INSTRUCTIONS TO FOLLOW | From the first line to the last, copy the listing exactly and omit the images.

SOURCE MATERIAL |
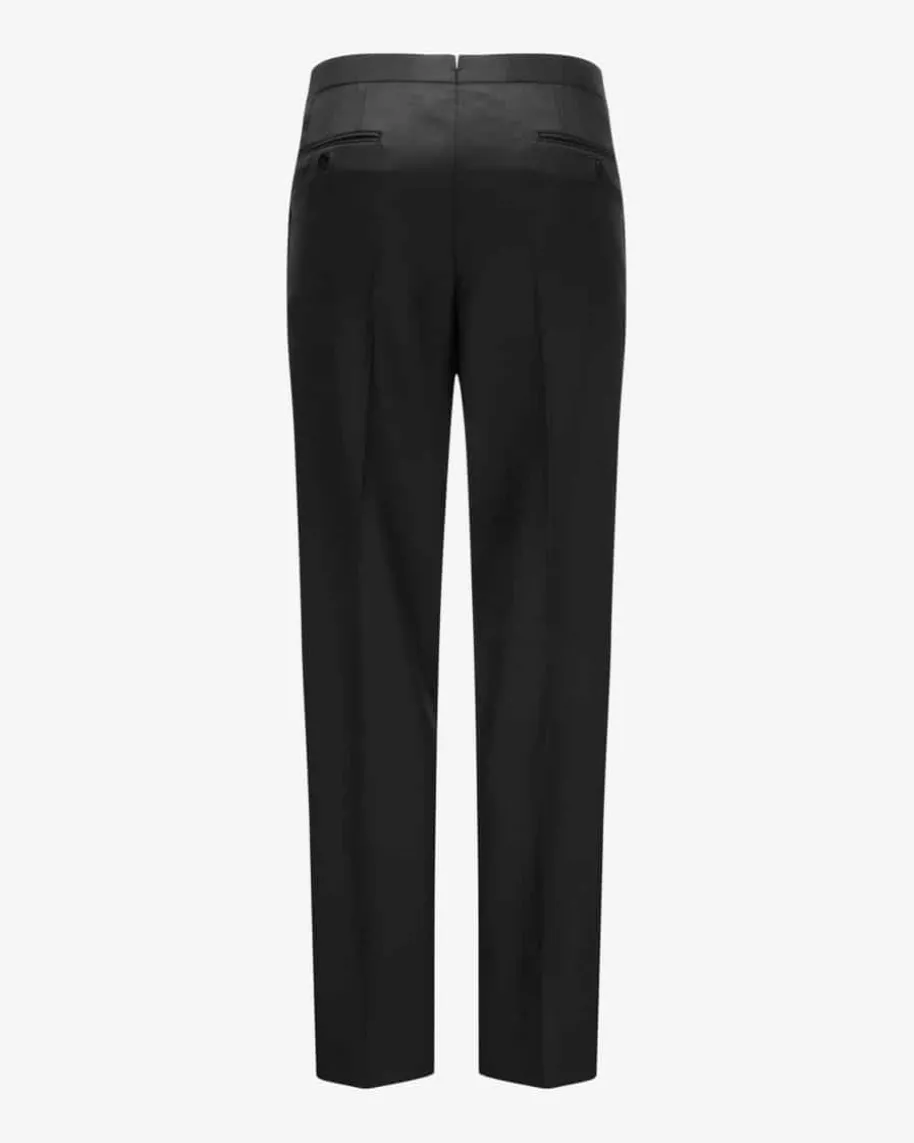 Smoking für Herren von Brioni in Schwarz. Das edle Modell besticht durchzahlreiche Seiden-Details, während klassische Elemente wie Galon-Streifen sowiedie angenehme Woll-Qualität einen stilsicheren Begleiter für maskuline Auftritte kreieren.
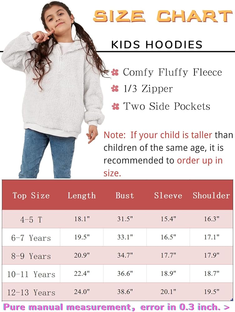 Features: Girl's fuzzy hoodies, long sleeve pullover sweaters, warm hooded pullover, 1/3 zip up collar hoodies, two side pockets to keep your hand warm, slouchy style.
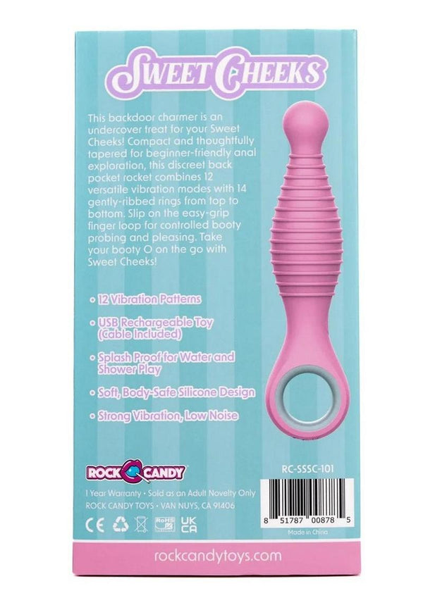 Rock Candy Toys introduces Sweet Cheeks! This backdoor charmer is an undercover treat for your Sweet Cheeks! Compat and thoughtfully tapered for beginner-friendly anal exploration, this discreet back pocket rocket combines 12 versatile vibration modes with 14 gently-ribbed rings from top to bottom. Slip on the easy-grip finger loop for controlled booty probing and pleasing. Take your booty O on the go with Sweet Cheeks!
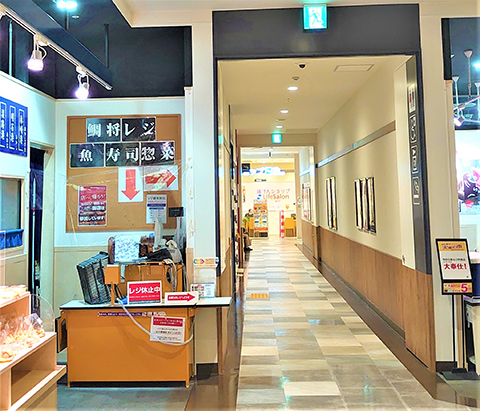 フードコードを通り抜けて頂くとお手洗いに続く通路がありますので、そちらを通り抜けて頂けばライフサロンに到着です!

SOLUTION TO THIS EXERCISE |
 Smoking für Herren von Brioni in Schwarz. Das edle Modell besticht durchzahlreiche Seiden-Details, während klassische Elemente wie Galon-Streifen sowiedie angenehme Woll-Qualität einen stilsicheren Begleiter für maskuline Auftritte kreieren.
 Features: Girl's fuzzy hoodies, long sleeve pullover sweaters, warm hooded pullover, 1/3 zip up collar hoodies, two side pockets to keep your hand warm, slouchy style.
 Rock Candy Toys introduces Sweet Cheeks! This backdoor charmer is an undercover treat for your Sweet Cheeks! Compat and thoughtfully tapered for beginner-friendly anal exploration, this discreet back pocket rocket combines 12 versatile vibration modes with 14 gently-ribbed rings from top to bottom. Slip on the easy-grip finger loop for controlled booty probing and pleasing. Take your booty O on the go with Sweet Cheeks!
 フードコードを通り抜けて頂くとお手洗いに続く通路がありますので、そちらを通り抜けて頂けばライフサロンに到着です!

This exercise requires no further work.